> **TASK TO CARRY OUT**
An exact copy of the data is required; the images should not appear in it.

> **DATASET EXTRACT**

<<<<

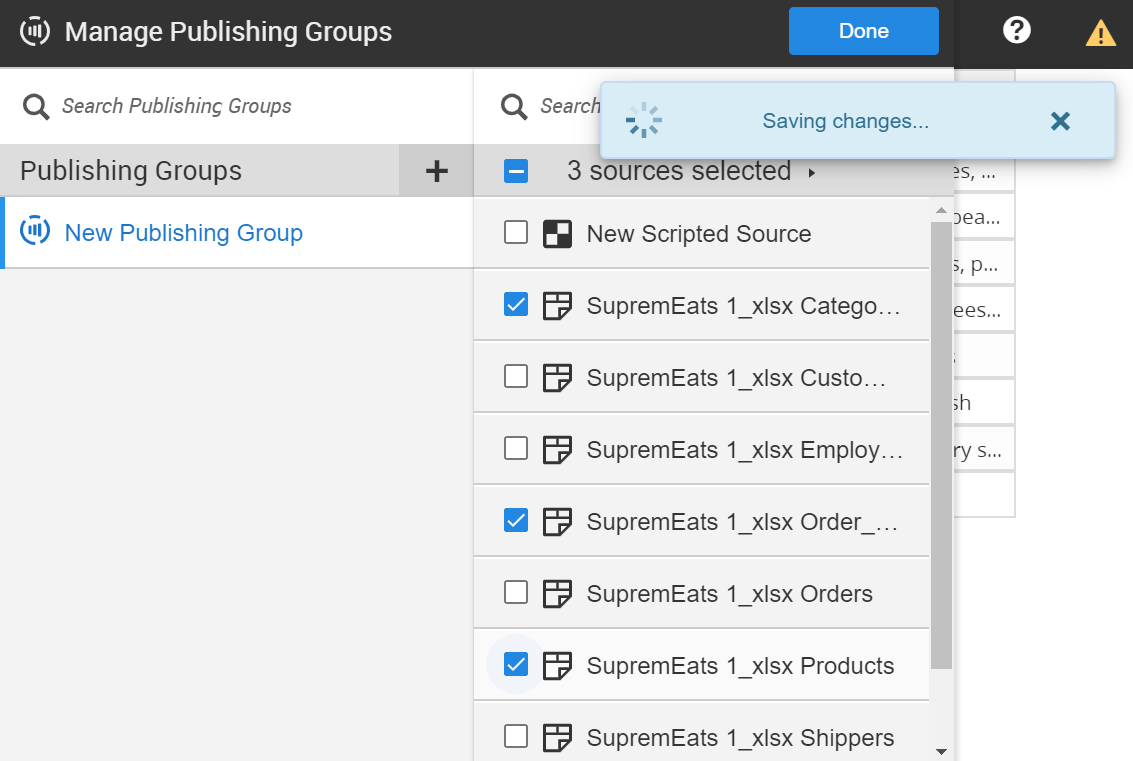 Note: Sources can be added to a publishing group regardless of their status. Ignored sources are ignored when the publishing source is executed.When a source is selected or deselected, the publishing group is automatically saved.
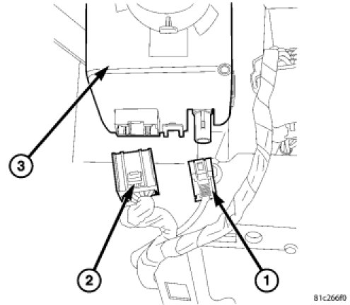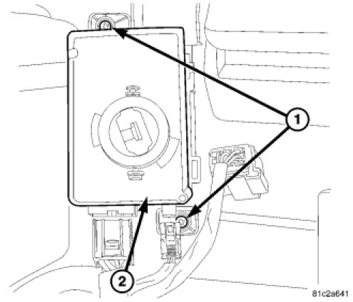1. Install wireless ignition node (WIN) (2) to instrument panel and install screws (1). Tighten screws to 2.5 Nm (22 in. lbs.).
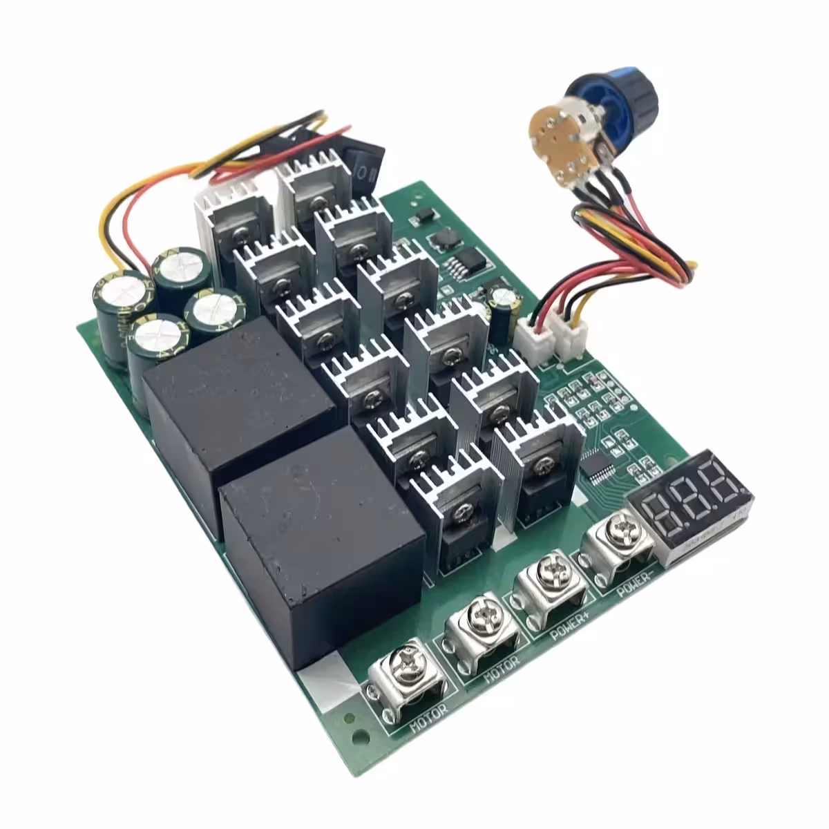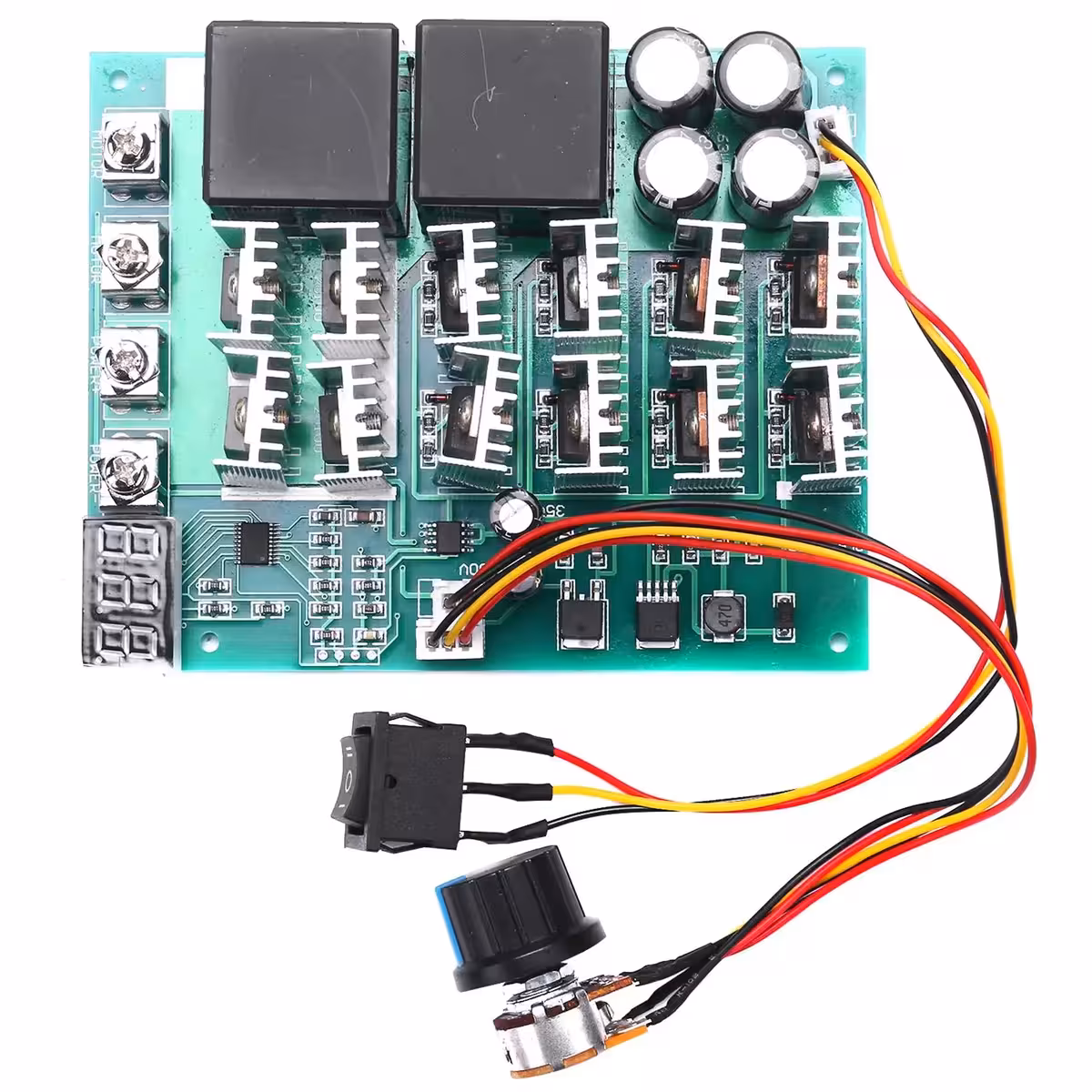 Tämän säädin toimii oikein vain, kun kuorma (moottori) on kytketty. Ihanteellinen projekteihin, jotka vaativat tarkan DC-moottorien ohjauksen, mukaan lukien HHO-järjestelmät, elektrolyysiprosessit ja muut teolliset sovellukset.
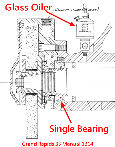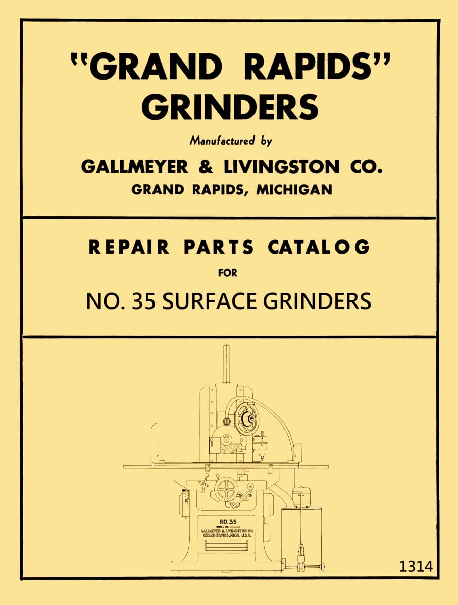 This is a reproduction of an original Grand Rapids Hydraulic Feed Surface Grinder Older Model 35 Parts Manual manufactured by Gallmeyer and Livingston Company. This model has a single bearing on the front of the main spindle, and it does have an oil glass on top. We have a manual for the newer version that has double bearings with no glass oiler on top as well. This Grand Rapids surface grinder manual contains cross-sectional view diagrams of the parts with parts list.

>>>>

> **RESPONSE TO THIS EXERCISE**
 Note: Sources can be added to a publishing group regardless of their status. Ignored sources are ignored when the publishing source is executed.When a source is selected or deselected, the publishing group is automatically saved.
1. Install wireless ignition node (WIN) (2) to instrument panel and install screws (1). Tighten screws to 2.5 Nm (22 in. lbs.).
 Tämän säädin toimii oikein vain, kun kuorma (moottori) on kytketty. Ihanteellinen projekteihin, jotka vaativat tarkan DC-moottorien ohjauksen, mukaan lukien HHO-järjestelmät, elektrolyysiprosessit ja muut teolliset sovellukset.
 This is a reproduction of an original Grand Rapids Hydraulic Feed Surface Grinder Older Model 35 Parts Manual manufactured by Gallmeyer and Livingston Company. This model has a single bearing on the front of the main spindle, and it does have an oil glass on top. We have a manual for the newer version that has double bearings with no glass oiler on top as well. This Grand Rapids surface grinder manual contains cross-sectional view diagrams of the parts with parts list.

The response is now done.